Why do you need to know?

> I think that's the rub: you can advertise you're XML (with a .xml extension
> or mimetype) or you can advertise easily that you're HTML. But what's the
> contract for "I'm polyglot!"?

Any metadata assertion indicating that the representation is either
text/html or application/xhtml+xml will be correct by design.

This ambivalence may satisfy many polyglot producers. I believe that
standard embedded metadata to declare alternative interpretations is
useful and will aid tooling.
<https://www.w3.org/Bugs/Public/show_bug.cgi?id=20767>

>> You only need both if you are a general-purpose browser. Lots of
>> consuming software is not a general-purpose browser.
>
> That argument is strange for any # of reasons, but I'll try to be concise:

Your rebuttal should demonstrate how it is "strange". No need for
labeling it as such...

> Browsers need both because they'll encounter both types of content in the
> wild
> They wish to be able to consume both types of content because it's valuable
> for them to be able to do so; "Site X doesn't work in Browser Y" being a
> prime way to lose market share.
> Non-browser systems that wish to consume many forms of content include many
> parsers. Image processing software, email systems, spreadsheets...I could go
> on and on.

Please don't. These tools are general domain viewers: image viewers,
email viewers, spreadsheet viewers. In our case, we are discussing
hypermedia documents and we happen to call such a general hypermedia
document domain viewers "browsers".

It turns out that there are other classes of consumers than this kind
of general end user software system. Some of them are quite general
and only include one parser: an XML parser.

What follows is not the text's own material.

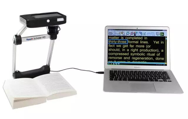 这款超高分辨率的3合1相机,身板儿小,重量轻,可与Readit软件配合使用。它可以即时访问打印文档,将其转换为大字体和文本到语音输出。你只需将轻巧的相机插入PC或笔记本电脑,即刻它就能将任何打印的文本转换为清晰的语音。

Furthermore, existence of polyglot does not effect your general
browsers *at all* because no matter which language these systems
interpret, they should be able to interpret polyglot.

> It's clear by inspection that this has nothing to do with "being a browser".

Nothing? Browsers want to consume content from multiple corpuses and
are nearly required by End Users to contain interpreters for text/html
and application/xhtml+xml. So your assertion is neither true nor clear
by inspection.

> It's about wanting to consume content from multiple corpuses. And that's an
> incentive that is nearly always serviced (in the short term) on the client.

"We have the resources to handle the complexity so you shouldn't
attempt to produce content for those who do not have the resources to
handle the complexity."?

There are multiple corpuses which are XML only.
There are multiple corpuses which are HTML only.
There are interpreters for XML only.
There are interpreters for HTML only (html5lib).

Why are general-purpose, complexity-laden applications the only class
of consumers that publishers should consider?

This is especially true when the cost of polyglot publication for a
publisher is minimal because they already use XML on their back-end.
Why should they have to choose between losing invariants and
corrupting their output or giving up their automation?

If your features include "can interpret most anything" then it should
come as no surprise that you require multiple parsers.

>> > If it's a world of HTML consumers that would like to
>> > access XML documents...well, just publish as (legacy) XHTML, no?
>>
>> Generic legacy XHTML is not compatible with modern HTML. Defining the
>> intersection is the point of polyglot.
>
> Perhaps I don't understand...what modern HTML features defeat XHTML?

I did not realize that HTML and XHTML were doing battle. There is no
reason they cannot coexist peacefully save politics and power play.

Logically, it is not HTML features that foil XHTML but XHTML features
that HTML cannot interpret or that HTML interprets in divergent ways.
See:

<http://dev.w3.org/html5/html-xhtml-author-guide/#namespaces>
<http://dev.w3.org/html5/html-xhtml-author-guide/#disallowed-attributes>
<http://dev.w3.org/html5/html-xhtml-author-guide/#named-entity-references>

Additionally, as HTML keeps "Living" (perhaps "Evolving" would be
better?), it might adopt expressions without XML counterparts.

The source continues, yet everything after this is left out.